In the medieval Latin versions of these Spheres of life and death the numerical value of the Greek letters was naturally usually lost and arbitrary numerical equivalents were assigned to the Roman letters or some other method of calculation was substituted. The Sphere of Petosiris was perpetuated in the form of a letter by him to Nechepso, king of Egypt.[2757] But more common than this in manuscripts of the ninth, tenth, and eleventh centuries was the Sphere of life and death of Apuleius or Pythagoras or both[2758] which replaced that of Democritus. Like it, it consisted of the numbers from one to thirty arranged in six compartments, three above a line each containing six numbers, and three below the line having four each. John of Salisbury, in the twelfth century, presumably refers to it when he speaks of divination or lot-casting “by inspection of the so-called Pythagorean table”;[2759] and it continues to be found with great frequency in the manuscripts of subsequent centuries.[2760] It is not to be confused, however, with the Prenostica Pitagorice, a more elaborate, although somewhat similar, method of divination by means of geomantic tables, of which we shall treat later in the chapter on Bernard Silvester. A Sphere ascribed to St. Donatus in a twelfth century manuscript includes instructions how to determine the sign of the zodiac under which a person was born by computing the difference between his name and his mother’s name. If this amounts to four letters, he was born under the fourth sign, and so on.[2761]

Survival of such methods in medical practice of about 1400.

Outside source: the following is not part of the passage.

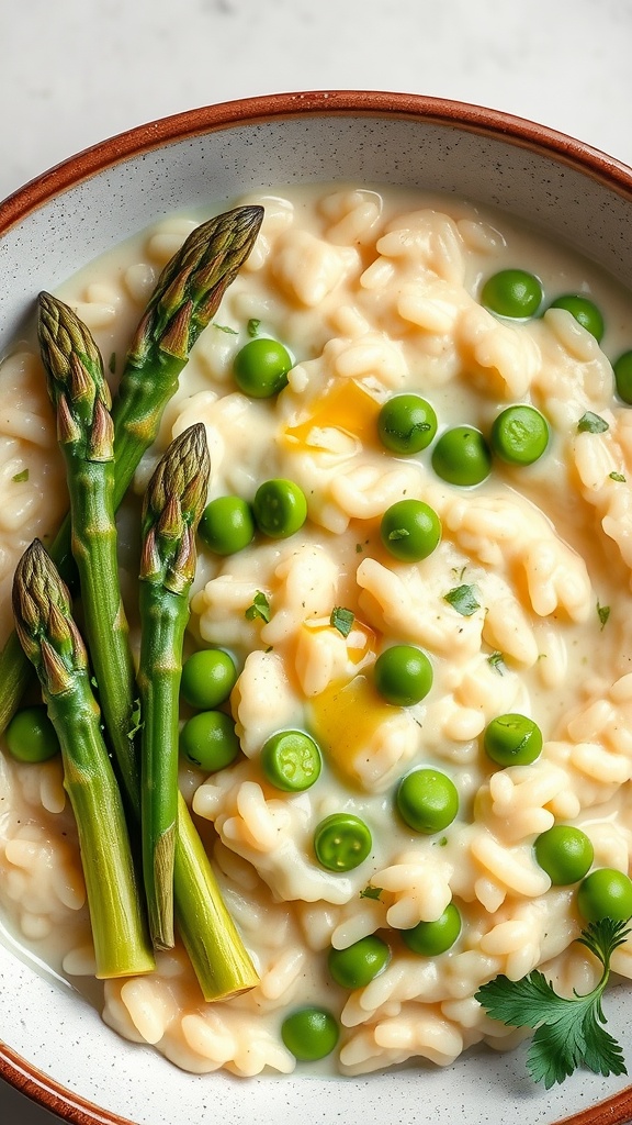 - After about 10 minutes of cooking, toss in the asparagus and peas. Continue to add broth and stir until the rice is creamy and al dente, about 15-20 minutes total.

The survival of such superstitious methods of divination into the later middle ages is attested not only by the frequent recurrence of the Sphere of Apuleius and the divinations from the kalends of January in manuscripts of the later centuries, but by the medical notebook, written in middle English, of John Crophill, who practiced medicine in Suffolk under Henry IV.[2762] Besides a record of his patients and the sums of money due from them, rules of dieting and blood-letting for the twelve months of the year, and his “more regular and masterly observations upon Urin,” his notes include a treatise on astrological medicine which, in the sarcastic language of the old catalogue of the Harleian Manuscripts, concludes “with a masterpiece of art, namely, a tretys or chapter of ‘Calculation to know what thou wilt,’ and this by observation of persons’ names.” The notebook also contains “Oracular Answers prepared beforehand by this great Doctor for those of both Sexes who shall come to consult him in the momentous affair of Matrimony; according to the several Months of the year wherein they should apply themselves.” Further contents are an incantation in Latin for women in child-birth, and “The names of the 12 signs with such marks as shew that this John Crophill was a dabbler in Geomancy.”